Он знал, что можно попробовать еще. Вьюжка лежала, свернувшись у огня рядом; он вынул из кармана кисет с патронами, вытряхнул их в снег, обернул шнурок вокруг шеи собаки, туго завязал его. Делал это быстро — и опять развязал. Охватил ножом кусок подола клетчатой рубахи, вложил в кисет и крепче прежнего затянул его. «От бы пошла!..» — Он толкнул ее от себя.

— Гыть-гыть! Гыть! — крикнул он, будто она шла в упряжке к дому. Вьюжка завиляла хвостом — и подошла.

— Домой! — прохрипел он как можно более низким злым голосом. Собака распустила завернутый на спину хвост и, стоя в метре от него, виляла самым кончиком. — Пошла домой! — крикнул он изо всех сил — от напряжения боль была очень сильная. Вьюжка отпрянула и, сдвинув уши на самую макушку, пригнулась, вид у нее был растерянный, виноватый. Она легла. «Как же, вражина! — подумал зло Григорий. — Пойдет она!.. Как же!.. Лобан — тот бы бросил. Того понужни — и он подался. А эта пойдет?.. Не пойдет! Помрешь — не пойдет!» Он и раньше подумал, что так будет, но все же надеялся, а теперь наверное знал: не пойдет.

Он рассердился не на шутку — схватил посох, как-то судорожно, левой рукой дотянувшись, ударил Вьюжку по боку.
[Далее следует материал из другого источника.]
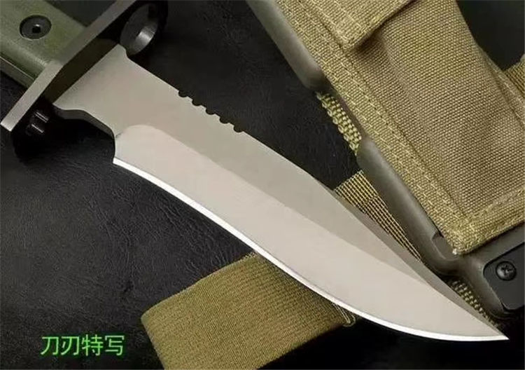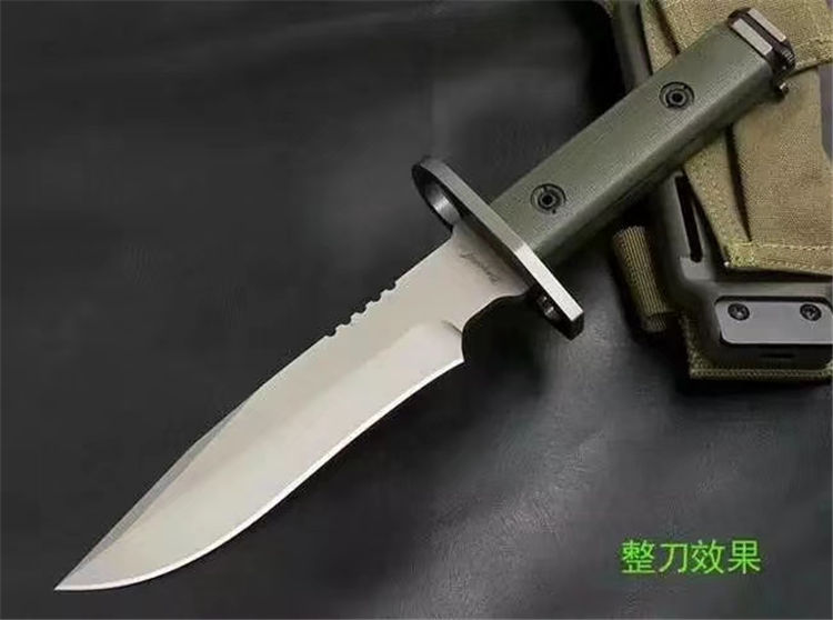 全 长: 32cm 刃 长: 16cm 刃 宽: 3.7cm(最宽处) 柄 长: 13cm 刃 材: D2钢 硬 度: 58-59HRC 表 面: 钛离子 刃 厚: 0.60cm 柄 材: 龙骨结构,绿色G10柄片 净 重: 560g 总 重: 1040g(包括纸盒和刀鞘) 包 装:原装纸盒 其 他:配附ABS刀鞘 品 质: 品质卓越
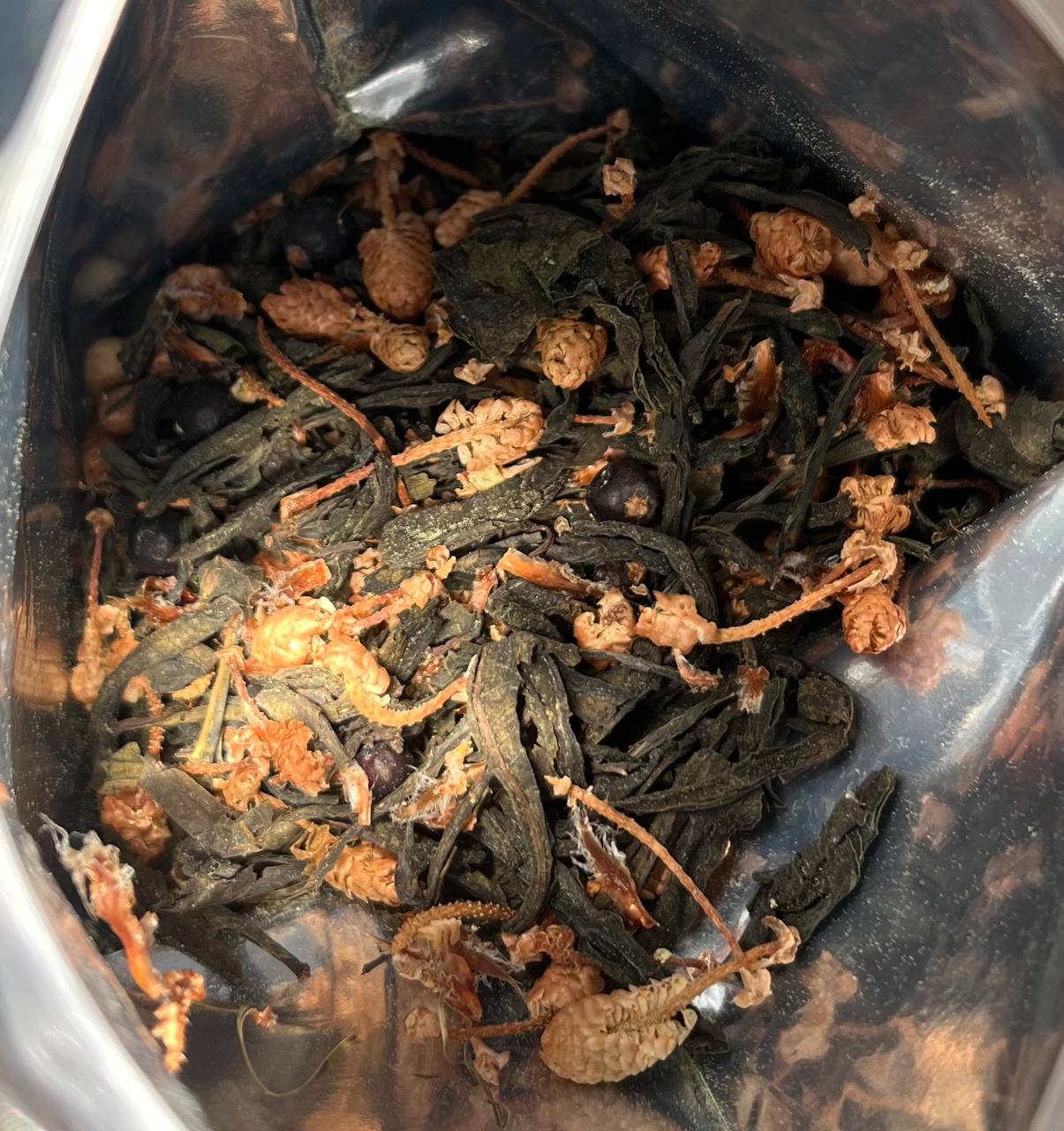 Собранные на согретых солнцем южных склонах Гималаев весенние побеги сосны усиливают целебный эффект. Сосна во время цветения формирует содержащие в себе сотни биологически активных веществ побеги с ценной пыльцой, придающие терпкость напитку.

Лайка громко завизжала тягучим женским визгом, упала на бок, хватая клыками мех на боку, отбежала, продолжая скулить. Она опять села, смотрела на Григория — и страх был в глазах. Собака не приближалась больше и не собиралась бежать в деревню: сидела на лыжне и смотрела. Тупая злоба с отчаяньем захватила хозяина. Он позабыл все, вскочил с посохом в руках и от резкой боли упал.

Он пришел в сознание от прикосновения холодного. Кедровый пень тлел. Вьюжка дружелюбно лизала лицо. Он опять гнал ее — она, отбежав, садилась на снег, а потом укладывалась на лыжне, свернувшись, следила за ним. «От костра в деревню не уйдет. Хоть помаленьку идти. Будет бежать впереди — может и пойдет», — еще так он подумал и кое-как, обессиленный, привстал и медленно стал продвигаться по лыжне. Но боль и дурнота подступили опять — и он опустился на лыжню.

Несколько раз чуть ли не совсем терял сознание и полз назад, к кострищу. Он вернулся туда— и уже не поднимался больше. Только и хватало воли подвигать из-под себя лыжи ближе и ближе к теплу и подвигать тело по мере того как угасал костер.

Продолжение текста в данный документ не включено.